Your objective: Please keep to the lines below from the one with "- 画面ロックの解除方法は、" through the one with "Als de ene golf", and restate them word for word, ends included.

Data extract:

▬▬▬

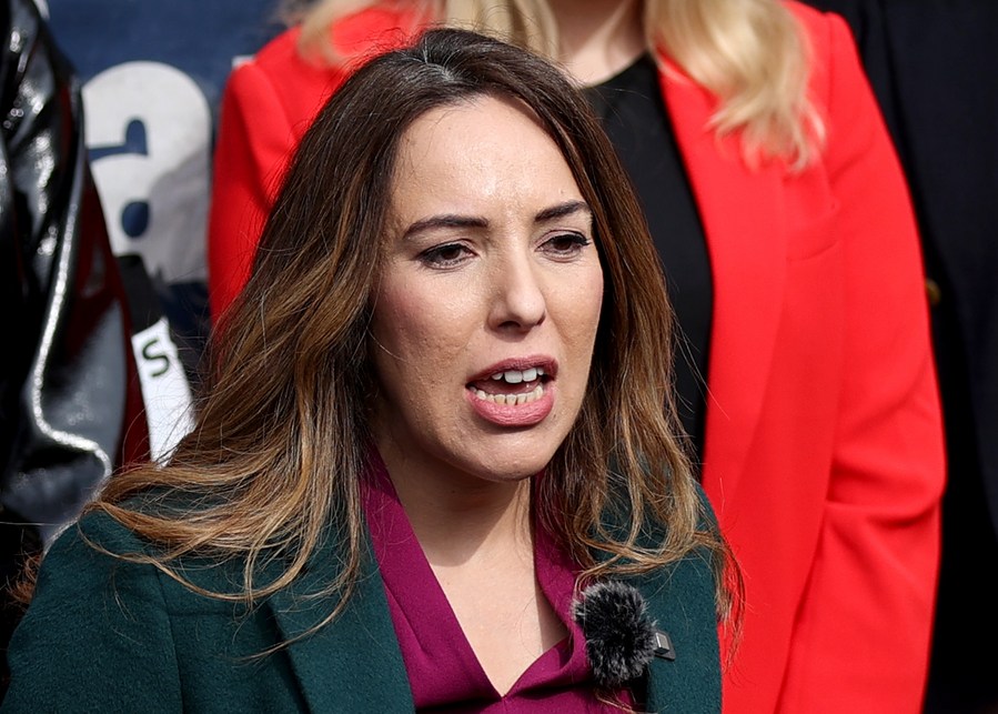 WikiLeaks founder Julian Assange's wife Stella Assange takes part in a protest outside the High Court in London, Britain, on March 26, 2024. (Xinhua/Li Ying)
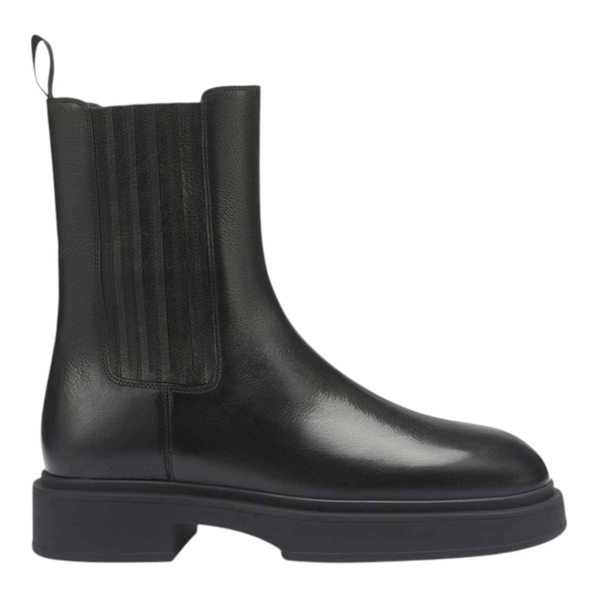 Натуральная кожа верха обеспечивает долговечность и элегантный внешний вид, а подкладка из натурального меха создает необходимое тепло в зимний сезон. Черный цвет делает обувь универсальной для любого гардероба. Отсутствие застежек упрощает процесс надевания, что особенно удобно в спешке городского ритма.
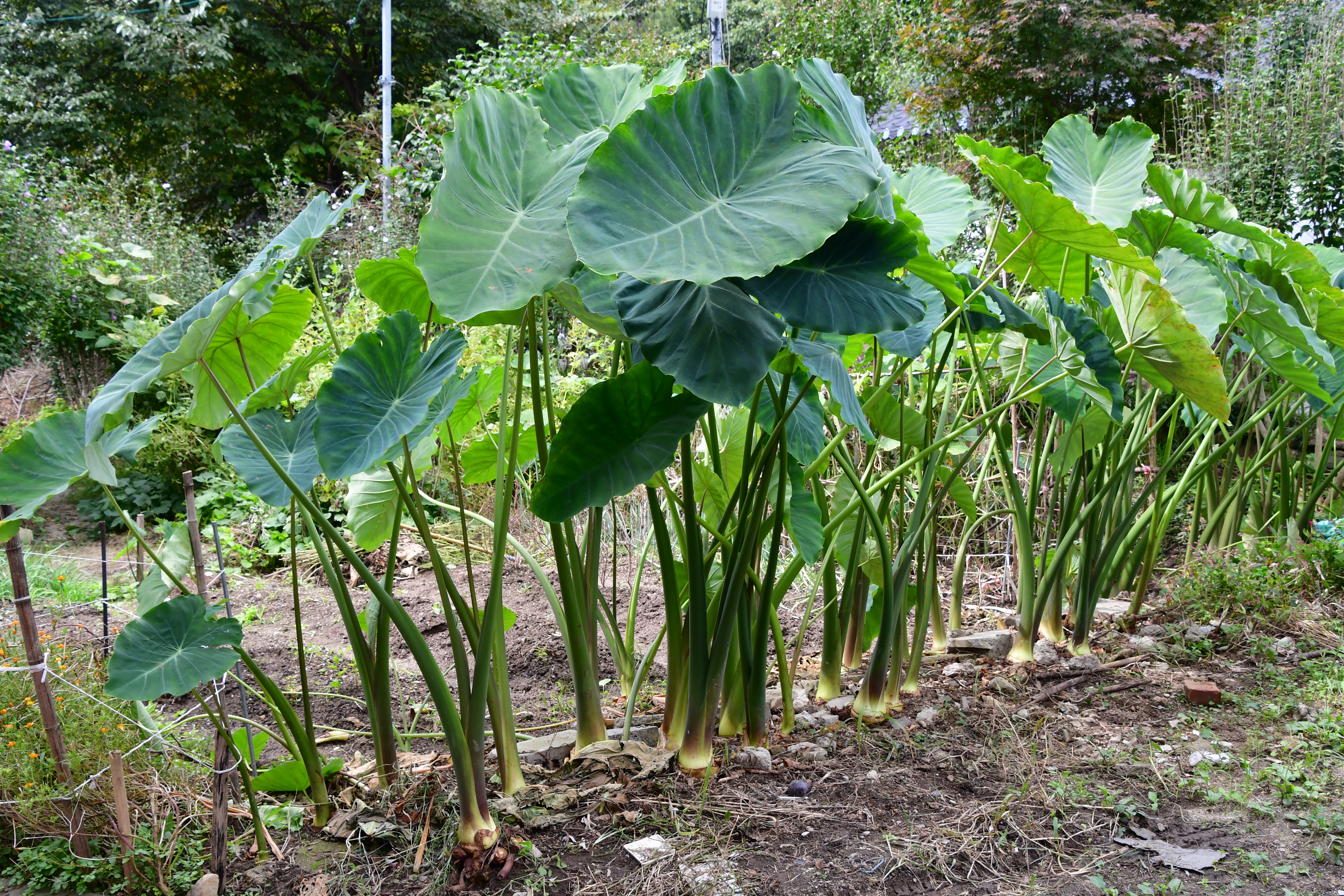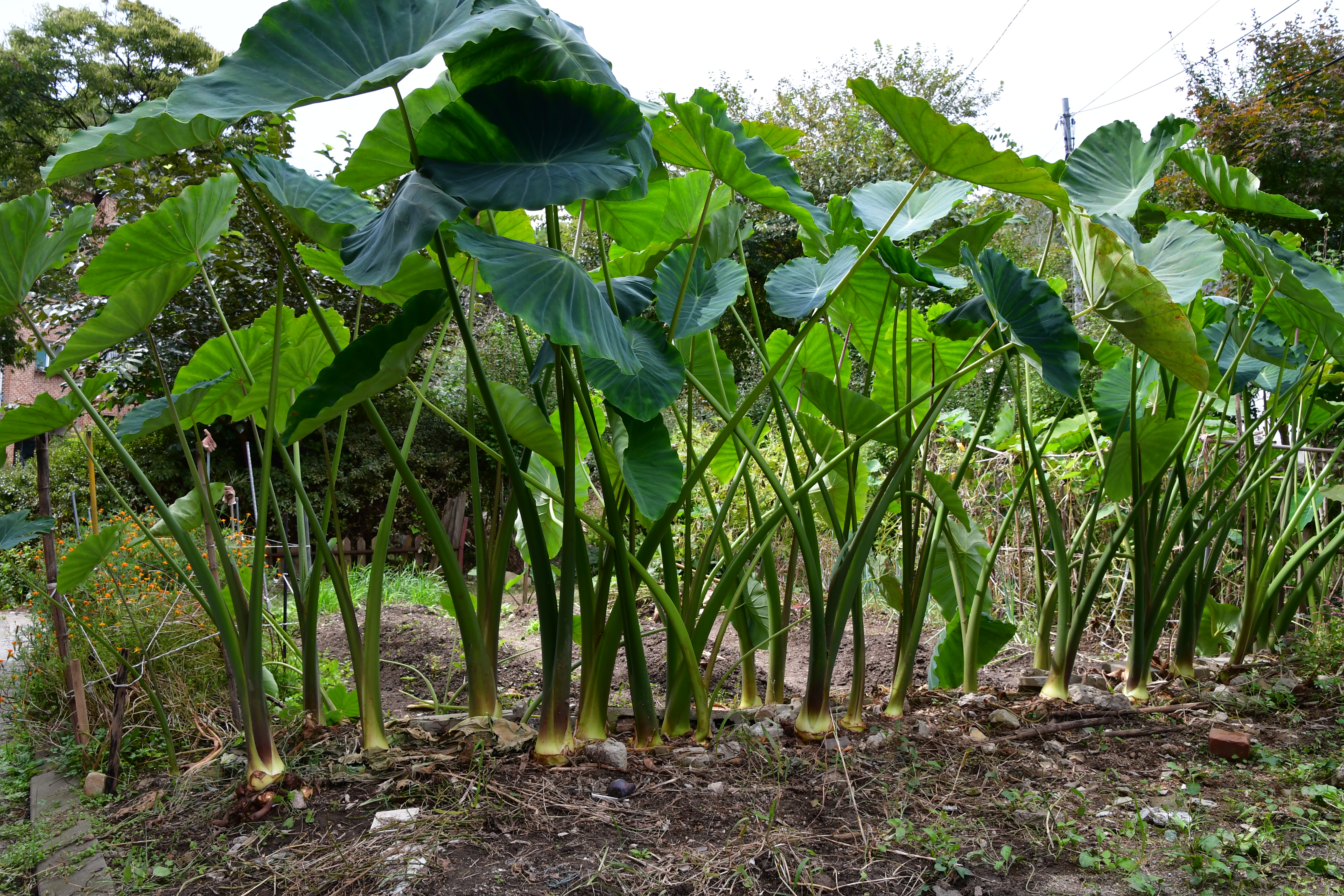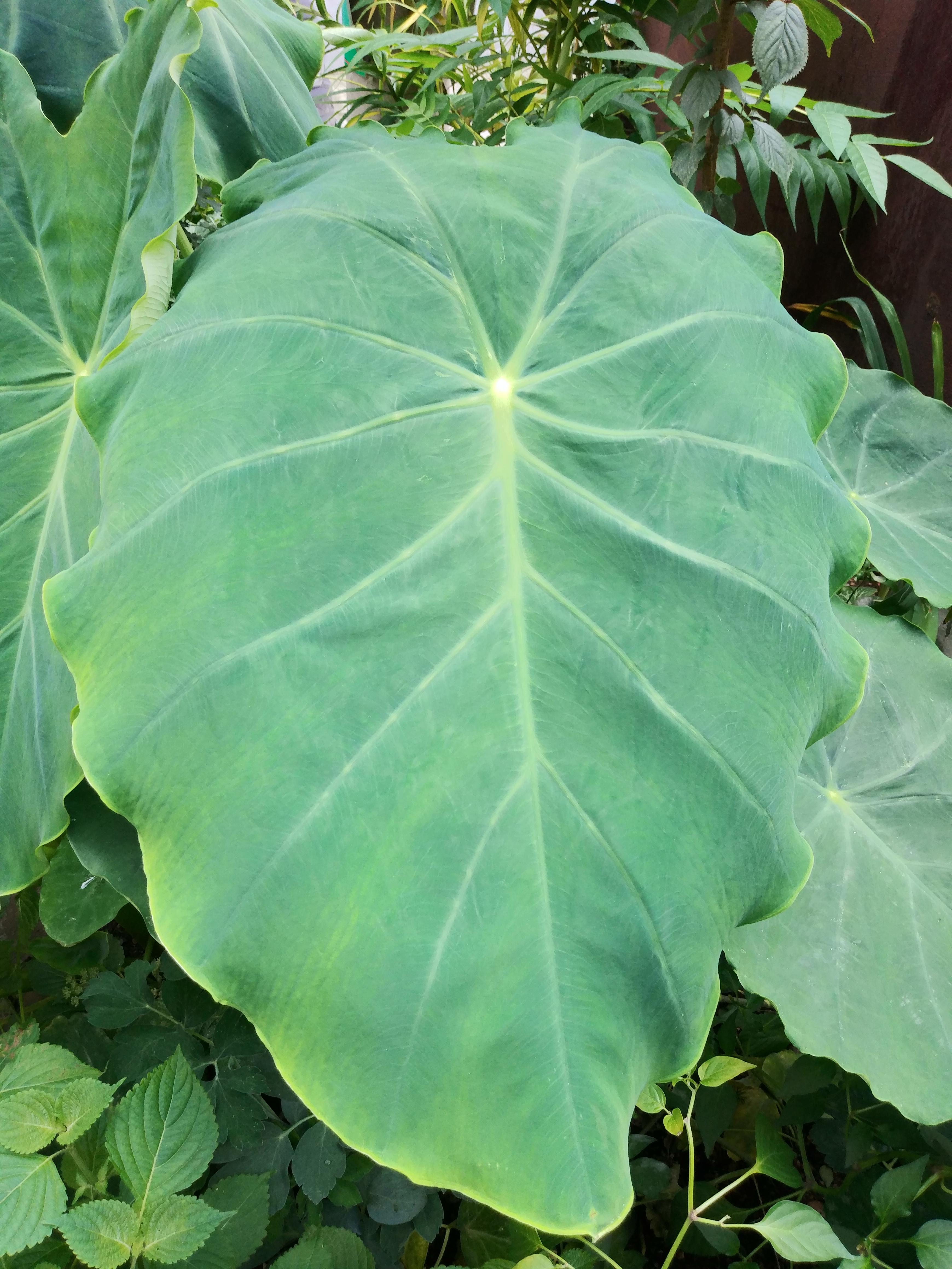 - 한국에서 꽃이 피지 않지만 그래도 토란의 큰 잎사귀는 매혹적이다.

▬▬▬

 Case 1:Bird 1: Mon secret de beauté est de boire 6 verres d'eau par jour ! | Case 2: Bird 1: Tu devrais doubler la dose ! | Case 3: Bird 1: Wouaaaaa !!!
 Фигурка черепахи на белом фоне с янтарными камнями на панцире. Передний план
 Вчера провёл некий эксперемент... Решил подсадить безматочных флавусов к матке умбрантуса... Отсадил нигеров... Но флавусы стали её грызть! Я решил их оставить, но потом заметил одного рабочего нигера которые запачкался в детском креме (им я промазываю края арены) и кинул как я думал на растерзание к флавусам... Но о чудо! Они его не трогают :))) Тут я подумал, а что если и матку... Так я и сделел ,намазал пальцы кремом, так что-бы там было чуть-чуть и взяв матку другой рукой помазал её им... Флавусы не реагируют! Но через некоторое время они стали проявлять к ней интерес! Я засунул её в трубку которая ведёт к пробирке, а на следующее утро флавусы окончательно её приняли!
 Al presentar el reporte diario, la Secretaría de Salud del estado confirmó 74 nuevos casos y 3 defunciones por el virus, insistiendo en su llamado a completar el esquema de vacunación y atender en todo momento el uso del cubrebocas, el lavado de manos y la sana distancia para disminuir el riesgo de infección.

▬▬▬

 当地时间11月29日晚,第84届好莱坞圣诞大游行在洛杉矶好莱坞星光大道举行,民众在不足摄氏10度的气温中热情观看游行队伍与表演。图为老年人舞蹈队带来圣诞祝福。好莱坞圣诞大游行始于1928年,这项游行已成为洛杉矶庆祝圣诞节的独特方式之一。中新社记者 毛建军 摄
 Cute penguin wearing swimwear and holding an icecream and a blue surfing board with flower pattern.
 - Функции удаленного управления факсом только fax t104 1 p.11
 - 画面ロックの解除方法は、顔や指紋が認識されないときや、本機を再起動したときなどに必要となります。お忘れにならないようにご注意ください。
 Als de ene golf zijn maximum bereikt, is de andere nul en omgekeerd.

▬▬▬

Solution for this exercise:
 - 画面ロックの解除方法は、顔や指紋が認識されないときや、本機を再起動したときなどに必要となります。お忘れにならないようにご注意ください。
 Als de ene golf zijn maximum bereikt, is de andere nul en omgekeerd.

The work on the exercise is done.